Scanning electron microscope observation of the Pt electrodes obtained in examples 1-2 and comparative example 1 revealed that the particle size of Pt particles on the Pt electrode changed, FIG. 1 is an SEM surface morphology of a Pt electrode obtained by annealing treatment in comparative example 1, wherein the Pt electrode forms a large sintered region with large particles having an average grain size of about 1.9 μm, and the size of the Pt electrode particles begins to change as polarization progresses, as can be observed by comparing fig. 1 and 2, the Pt particles of example 1 were refined after polarization treatment, wherein the average particle size of Pt particles dispersed on the surface of the electrolyte is less than 50nm (see upper right corner of FIG. 2), the average particle size of the remaining larger clusters is less than 100nm (see lower right corner of FIG. 2), fig. 4 also demonstrates that the Pt particles at the Pt electrode interface obtained in example 2 are also refined.

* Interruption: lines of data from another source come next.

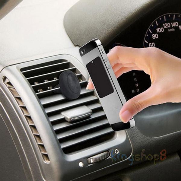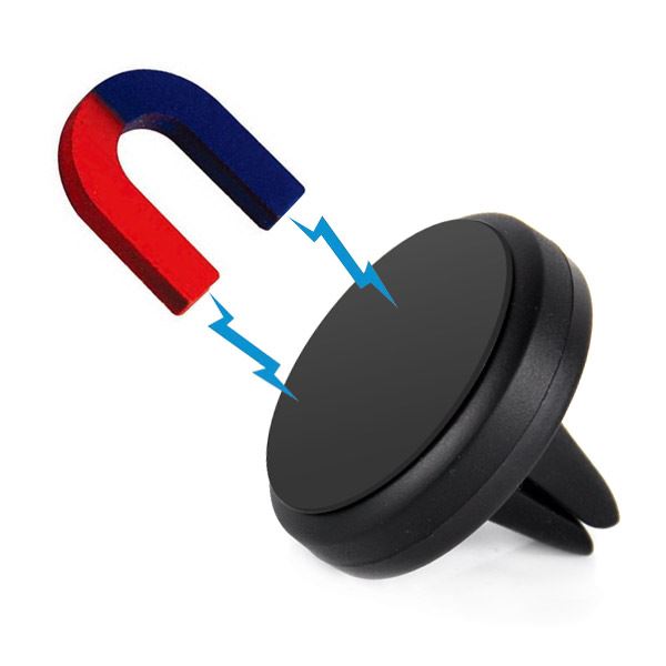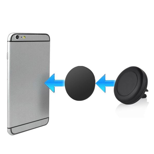 Voor weinig geld kunt u uw telefoon nu eenvoudig en eenvoudig op de schijf beveiligen. De houder wordt in de luchtkanalen van de auto gemonteerd en de dunne magnetische plaat met lijm wordt op de achterkant van de telefoon geplaatst.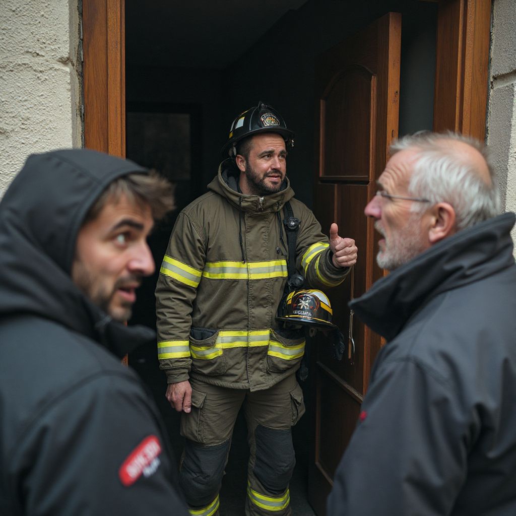 Он стоял у входа, не сняв шлема, и форма пожарного сидела на нём не как маска, а как вторая кожа. Рост выше среднего, плечи шире воротника, загрубевшие руки, шрамы на пальцах — всё говорило о работе, где нельзя позволять себе слабость. Его ботинки были чисты, но потерты, шеврон приглушённо блёк от сотен вызовов; в уголках глаз — тёмные тени бессонных смен. Он думал о рутинном обходе, о просьбе дежурного проверить электропроводку у соседей, но в голове крутились и чужие имена, и собственная усталость, и привкус сожаления.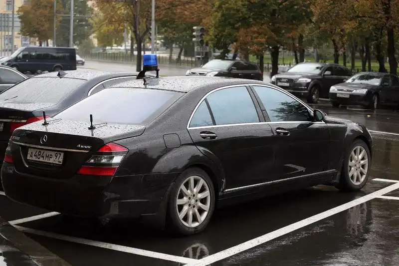 А вот с автомобилями ФСО России даже не знаю. Может им по службе и лучше, чтобы никто нормально прицелиться не мог. В общем, растонированных машин ФСО не видно.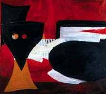 Creature II, 1982, oil on canvas, 42.5" x 46.5" Mischa Richter was born in Kharkov, Russia, in 1910. He describes a childhood house that was filled with song and neighborhood streets filled with magicians and acrobats. Richter's work table was beside a window that overlooked the garden, with large sand walks and purple lilacs. Days were spent learning French and German from his Governess, drawing at that table, and playing in Gogol Park: "I don't know when I started drawing. It was long before I started collecting bullets." In 1917 the Revolution erupted around the Richter household. Richter's uncle was killed shortly after joining the Red Army and Richter almost died from a bout with typhoid fever. As the war gained momentum, the festive streets became places of violence. As Commissar of Waterworks of the City of Kharkov, Richter's father was able to erect a temporary economic and academic cushion around his family, providing art tutors, and vacations to Berdyansk. However, being in a position of responsibility the possibility of execution became imminent. The family decided to leave for the United States. The escape went so smoothly that Mischa Richter hardly remembers being scared. His family left on his father's vacation taking only their clothes, a few suitcases, and a rolled up painting of a seascape in Yalta by Buchumov. They took the train to the Polish border, a cart through the forest and a rowboat into Poland. Their year spent waiting for a visa was one of relaxation and further art training. The passage to the United States was extremely smooth. Cousins met the family at Ellis Island, where they spent no more than an hour. Mischa resumed his art education immediately after arriving in Boston, at the Museum School. The program included daily drawings from the extensive collection of Greek and Roman casts. It was also at the Museum School that Richter met his lifelong friend Will Barnet who was, eight years later, to introduce Richter to Barnet's sister-in-law, Helen Sinclair Annand, also a painter. Richter fell in love immediately and as he is fond of saying, "never left her from then until 1992." Richter went directly from the Museum School to Yale University, where he studied the earth palette of Eugene Savage. Richter graduated from Yale in 1934 and moved from New Haven back to Boston. In Boston, as part of the WPA, he completed the first narrative mural in Boston at the since-demolished Bouroughs Newsboy Foundation building. The fifty-foot realist mural depicted a newsboy working his way up through the ranks with the professional encouragement of his superiors, which metaphorically connoted worker-friendly management practices. It was written at the time that, Richter's WPA work "shows him to be an artist of depth and power." Though immediately very successful working for the WPA, Richter quickly turned his professional interests to cartooning. "I never separated cartooning from art in general. I was brought up in an atmosphere of satire and political discussion." Richter's deeply engrained sense of social justice emerges in his artwork. Working intensely with Ad Reinhardt, Richter began drawing for and then became the arts editor of the New Masses, a leading Progressive paper. As liberal intellectuals, Helen and Mischa Richter were closely involved with the Communist movement. However, his enthusiasm for an American Communist Revolution was tempered by his awareness of Stalin's capacity for violence. "GET ME THE STATUE OF LIBERTY" Richter's cartooning brought him a substantial salary for the 1940's. He developed the syndicated strip "Strictly Richter" for King Features and did contract work for The New Yorker. He did extensive advertising and had cartoons in Collier's, The Saturday Evening Post, This Week and others. He also published several books, including three for children. His financial security allowed him to paint for his personal enjoyment, without the pressures of making gallery sales. Richter said that though he paints, "I don't show them. If somebody thinks they're good twenty years from now why that will be fine. In the meantime I don't have to stand around and be insulted."1 He has never allowed the art market to infringe upon his enjoyment of medium, line, or creativity. In the 1950's and 'sixties, Richter made several lengthy trips to Italy and France. In Italy, he spent mornings drawing cartoons for publication and his afternoons walking and painting. Richter did a series of drawings, or "translations" extracting a geometrical expression of the Italian Masterpieces' compositions. He then exhibited these works, along with cartoons, in a 1958 exhibition at the Wadsworth Antheneum in Hartford CT. Richter's work at this time reflected his involvement in the artistic dialogue that abounded as members of the New York School summered in Provincetown. Richter socialized with many of the familiar names of Abstract Expressionism, including Will Barnet and Robert Motherwell. "During the 'fifties and 'sixties I was influenced by Abstract Expressionism which directed me towards communicating through the formal rather than narrative qualities of my art." Richter first came to Provincetown in 1928 and joined the Beachcombers Art Club in the '50s. He began exhibiting his work at the Art Association in 1950 and has shown here consistently ever since. He bought his first house in Provincetown in 1958. In 1969 Mischa helped found the historical cooperative Provincetown Group Gallery where he showed with many of America's most famous artists. Richter took a hiatus from public exhibition of his work, which ended in the early 'nineties, after the deaths of his wife and son, Tom Richter. Mischa nursed Helen through her slow debilitation from multiple sclerosis, refusing to have her put in a nursing home. Sasha Richter, Mischa's grandson, described Mischa during Helen's illness as compassionate and devoted. In one of his upstairs windows hangs a painting of Tom Richter as a boy.

The polarization process of the embodiment 1-2 is detected by adopting a three-electrode method to obtain figures 3 and 5, and it can be seen from the two figures that the polarization resistance Rp of the battery is continuously reduced along with the progress of the polarization process, which proves that the electrocatalytic activity of the electrode is continuously improved, so that the polarization treatment process can effectively reduce the particle size of Pt particles, and more Pt particles can be covered between the electrode/electrolyte interface on the Pt electrode, thereby increasing the length of a three-phase interface and improving the electrocatalytic activity of the electrode. After the Pt electrode prepared in comparative example 2 is subjected to resistance detection, referring to fig. 6, since comparative example 2 is not treated by the method of the present invention, the polarization resistance Rp of the Pt electrode increases with time when the stability test is performed under the condition of no applied current, which also proves that the Pt electrode treated by the method of the present invention has the advantages of good electrochemical activity and high stability.

Finally, it should be noted that the above embodiments are only used for illustrating the technical solutions of the present invention and not for limiting the technical solutions, and those skilled in the art should understand that modifications or equivalent substitutions can be made on the technical solutions of the present invention without departing from the spirit and scope of the technical solutions, and all that should be covered by the claims of the present invention.